French comedian, actor and screenwriter

Malik Bentalha (/fr/, مالك بن طلحة; born 1 March 1989 in Bagnols-sur-Cèze) is a French humorist and actor of Algerian and Moroccan descent. He does stand-up comedy and has appeared in films.

==Early life==
Malik Bentalha studied at the Cours Florent from 2007 to 2008. He started doing sketches in Parisian café-théâtre, such as the Théâtre du Point-Virgule.

==Career==
In 2010, after Jamel Debbouze noticed him, Malik Bentalha joined the Jamel Comedy Club and was later featured as the opening act for Debbouze's tour, Tout sur Jamel, for two years. He met Gad Elmaleh in Montmartre who asked him to be the opening act for his show at the Palais des Sports the following day. That same year, he was a part of Le meilleur de Paris fait sa comédie on national French television channel France 2.

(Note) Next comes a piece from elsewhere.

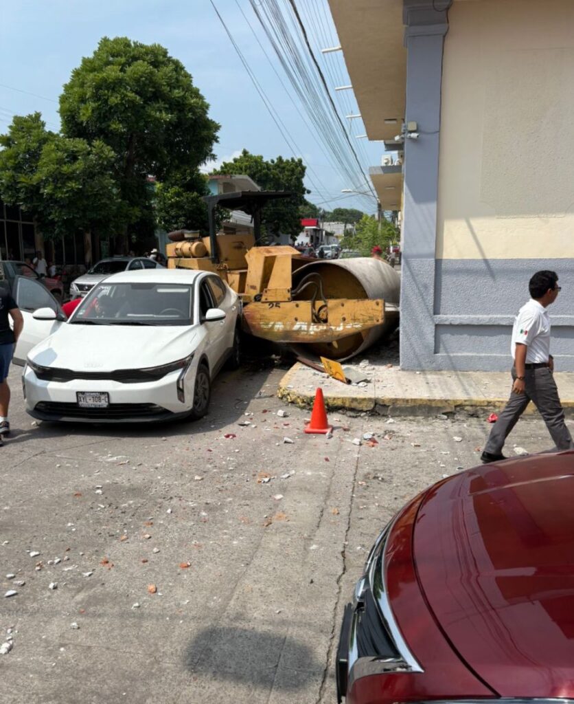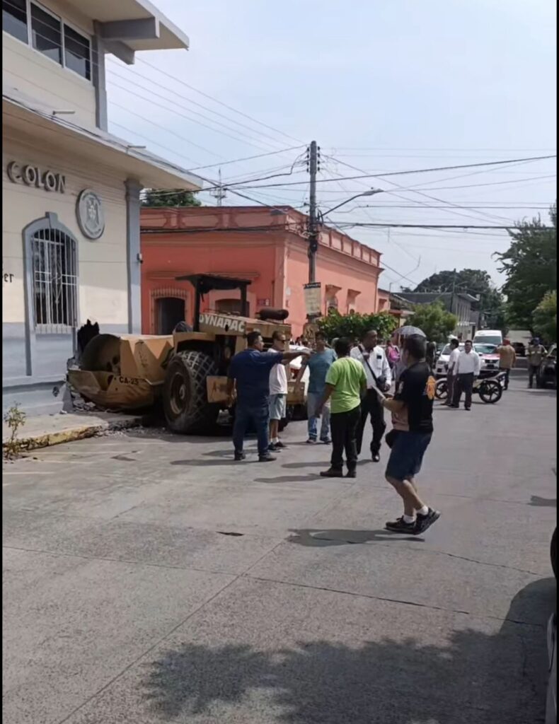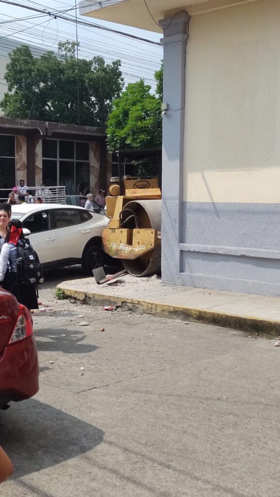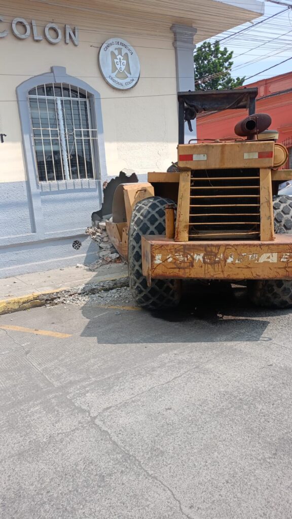 Soledad de Doblado, Ver.- Gran pánico y alerta género entre alumnos y padres de familia de la escuela particular “Cristóbal Colón” el impacto de una máquinaria pesada sobre la fachada de la institución educativa.

In 2011 he held a regular segment, Télé Délire, on Le Grand Direct, a radio programme hosted by Jean-Marc Morandini. The segment was held in partnership with Mathieu Madénian at first, and since September 2011 with Benjamin Josse. In 2014, he joined Cyril Hanouna in his radio programme Les pieds dans le plat on Europe 1, with Valérie Bénaïm.

In 2010, he started touring with his first one man show, Malik Bentalha se la raconte, directed by Alex Lutz. In December 2014, a DVD was released. In January 2015, W9 broadcast a live session of his one man show, followed by a TV report, Malik se raconte.

In 2015, he was part of the film Pattaya, directed by Franck Gastambide, in which he held one of the main roles.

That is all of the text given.